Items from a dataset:
= Beginning of Section =

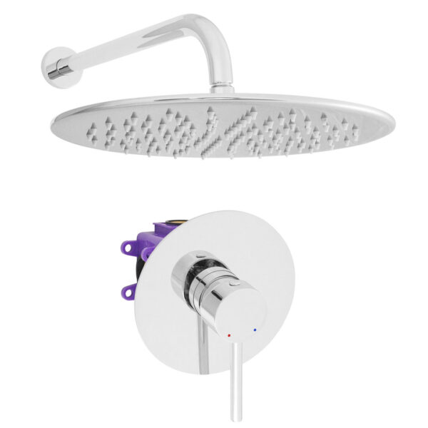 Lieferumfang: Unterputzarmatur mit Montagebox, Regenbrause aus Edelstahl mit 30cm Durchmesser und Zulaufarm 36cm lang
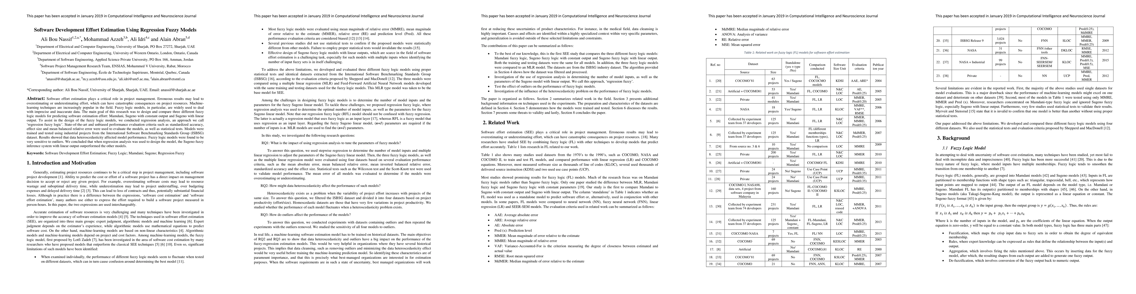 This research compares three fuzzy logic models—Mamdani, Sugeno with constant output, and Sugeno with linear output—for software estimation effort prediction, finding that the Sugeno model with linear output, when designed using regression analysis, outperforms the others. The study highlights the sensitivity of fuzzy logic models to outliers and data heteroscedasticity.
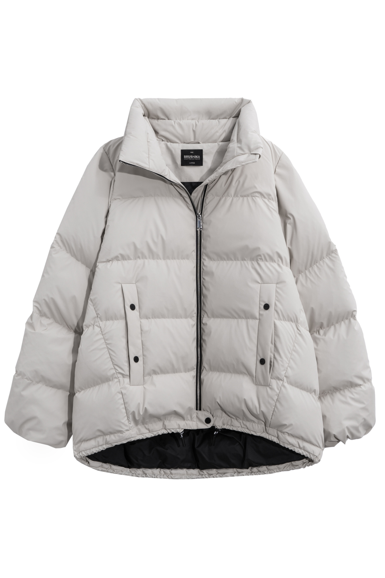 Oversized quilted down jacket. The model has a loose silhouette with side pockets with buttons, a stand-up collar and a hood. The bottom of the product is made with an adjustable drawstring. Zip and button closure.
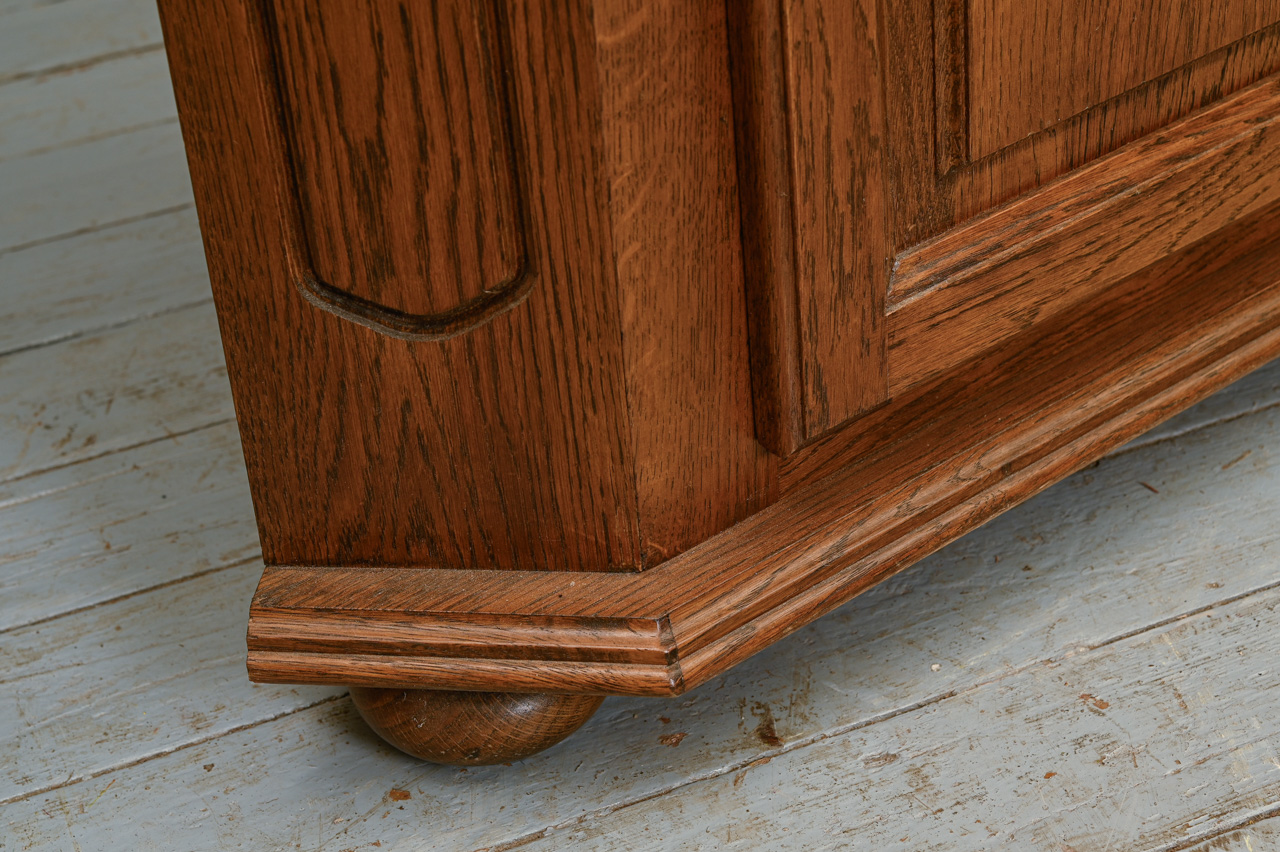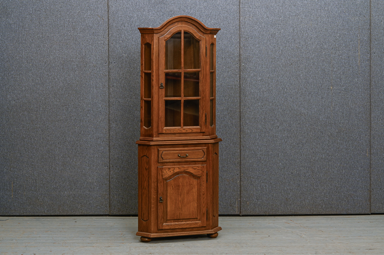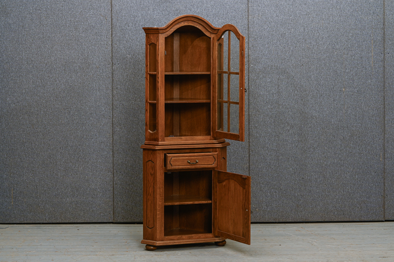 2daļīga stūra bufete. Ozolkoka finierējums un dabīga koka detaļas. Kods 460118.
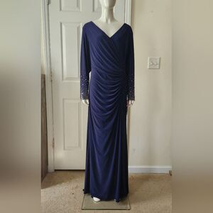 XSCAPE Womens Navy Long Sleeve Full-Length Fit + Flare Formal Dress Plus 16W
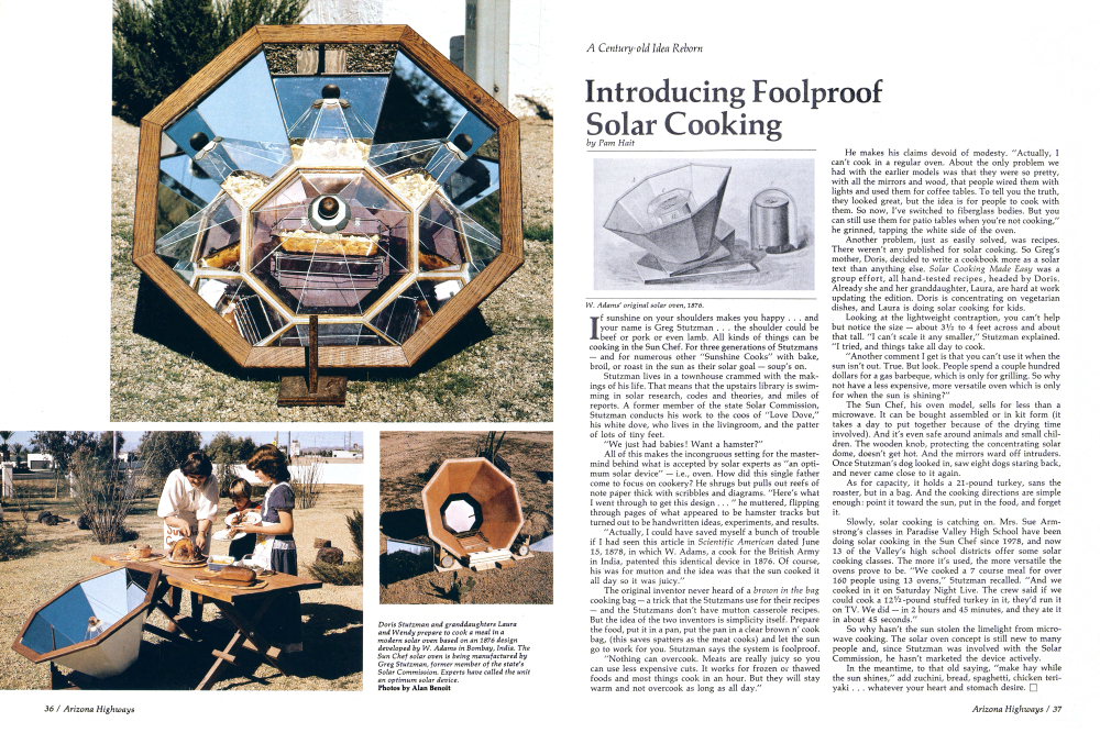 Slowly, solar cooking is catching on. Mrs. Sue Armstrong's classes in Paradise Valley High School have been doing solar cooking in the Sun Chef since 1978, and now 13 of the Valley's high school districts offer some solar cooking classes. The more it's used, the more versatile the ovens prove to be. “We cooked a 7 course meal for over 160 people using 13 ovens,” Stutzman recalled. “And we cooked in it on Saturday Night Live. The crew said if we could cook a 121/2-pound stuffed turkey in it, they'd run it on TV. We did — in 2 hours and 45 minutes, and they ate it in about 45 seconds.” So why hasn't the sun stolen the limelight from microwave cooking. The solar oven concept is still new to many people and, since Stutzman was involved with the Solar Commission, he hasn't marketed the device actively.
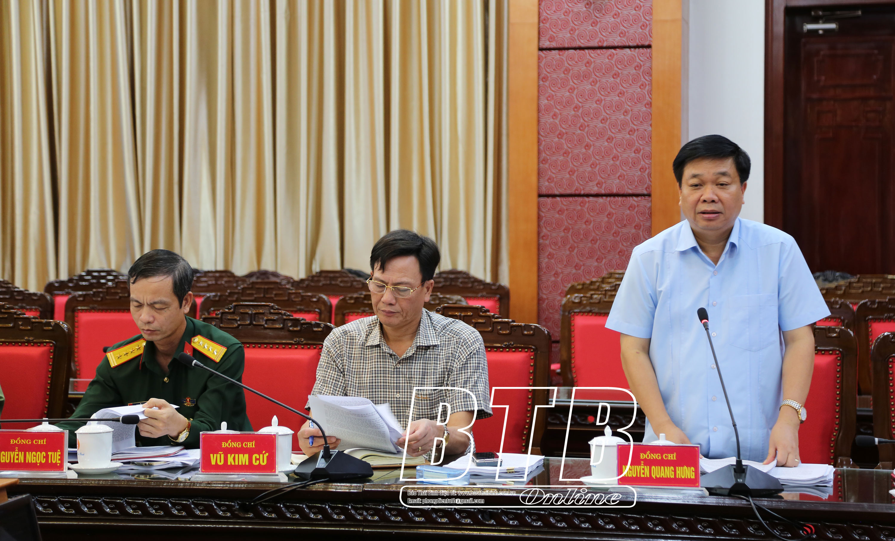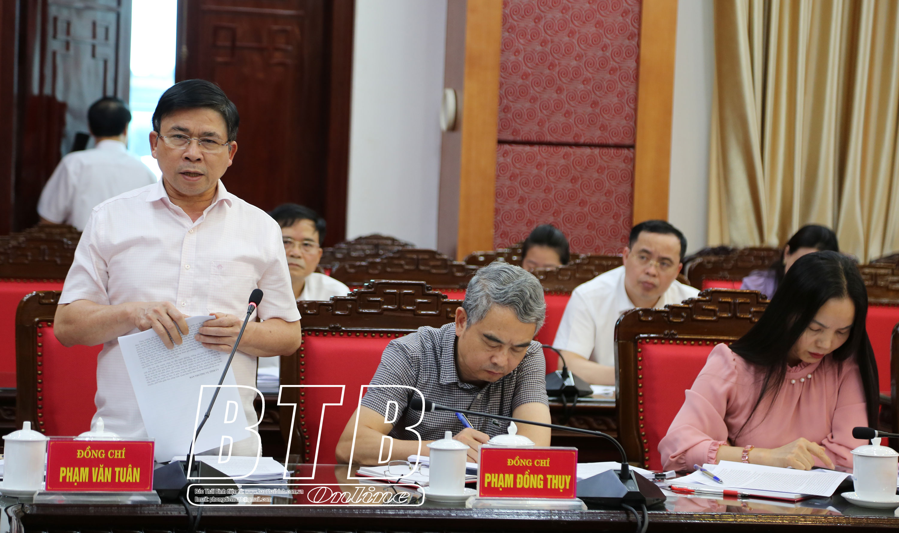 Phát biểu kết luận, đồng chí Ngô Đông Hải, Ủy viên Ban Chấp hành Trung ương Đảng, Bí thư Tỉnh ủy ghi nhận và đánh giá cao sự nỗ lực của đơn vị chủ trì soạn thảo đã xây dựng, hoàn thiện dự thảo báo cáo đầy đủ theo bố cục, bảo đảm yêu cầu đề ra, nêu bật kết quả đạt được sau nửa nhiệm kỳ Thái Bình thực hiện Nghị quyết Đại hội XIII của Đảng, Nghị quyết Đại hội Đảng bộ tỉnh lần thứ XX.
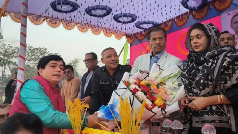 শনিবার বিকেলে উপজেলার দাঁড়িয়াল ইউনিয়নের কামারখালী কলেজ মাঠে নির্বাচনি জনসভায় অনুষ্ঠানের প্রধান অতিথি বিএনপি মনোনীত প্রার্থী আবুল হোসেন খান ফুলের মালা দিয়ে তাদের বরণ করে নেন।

= End of Section =

**What the task asks:** Drop the pictures and copy the data exactly.

**Result of this exercise:**
 Lieferumfang: Unterputzarmatur mit Montagebox, Regenbrause aus Edelstahl mit 30cm Durchmesser und Zulaufarm 36cm lang
 This research compares three fuzzy logic models—Mamdani, Sugeno with constant output, and Sugeno with linear output—for software estimation effort prediction, finding that the Sugeno model with linear output, when designed using regression analysis, outperforms the others. The study highlights the sensitivity of fuzzy logic models to outliers and data heteroscedasticity.
 Oversized quilted down jacket. The model has a loose silhouette with side pockets with buttons, a stand-up collar and a hood. The bottom of the product is made with an adjustable drawstring. Zip and button closure.
 2daļīga stūra bufete. Ozolkoka finierējums un dabīga koka detaļas. Kods 460118.
 XSCAPE Womens Navy Long Sleeve Full-Length Fit + Flare Formal Dress Plus 16W
 Slowly, solar cooking is catching on. Mrs. Sue Armstrong's classes in Paradise Valley High School have been doing solar cooking in the Sun Chef since 1978, and now 13 of the Valley's high school districts offer some solar cooking classes. The more it's used, the more versatile the ovens prove to be. “We cooked a 7 course meal for over 160 people using 13 ovens,” Stutzman recalled. “And we cooked in it on Saturday Night Live. The crew said if we could cook a 121/2-pound stuffed turkey in it, they'd run it on TV. We did — in 2 hours and 45 minutes, and they ate it in about 45 seconds.” So why hasn't the sun stolen the limelight from microwave cooking. The solar oven concept is still new to many people and, since Stutzman was involved with the Solar Commission, he hasn't marketed the device actively.
 Phát biểu kết luận, đồng chí Ngô Đông Hải, Ủy viên Ban Chấp hành Trung ương Đảng, Bí thư Tỉnh ủy ghi nhận và đánh giá cao sự nỗ lực của đơn vị chủ trì soạn thảo đã xây dựng, hoàn thiện dự thảo báo cáo đầy đủ theo bố cục, bảo đảm yêu cầu đề ra, nêu bật kết quả đạt được sau nửa nhiệm kỳ Thái Bình thực hiện Nghị quyết Đại hội XIII của Đảng, Nghị quyết Đại hội Đảng bộ tỉnh lần thứ XX.
 শনিবার বিকেলে উপজেলার দাঁড়িয়াল ইউনিয়নের কামারখালী কলেজ মাঠে নির্বাচনি জনসভায় অনুষ্ঠানের প্রধান অতিথি বিএনপি মনোনীত প্রার্থী আবুল হোসেন খান ফুলের মালা দিয়ে তাদের বরণ করে নেন।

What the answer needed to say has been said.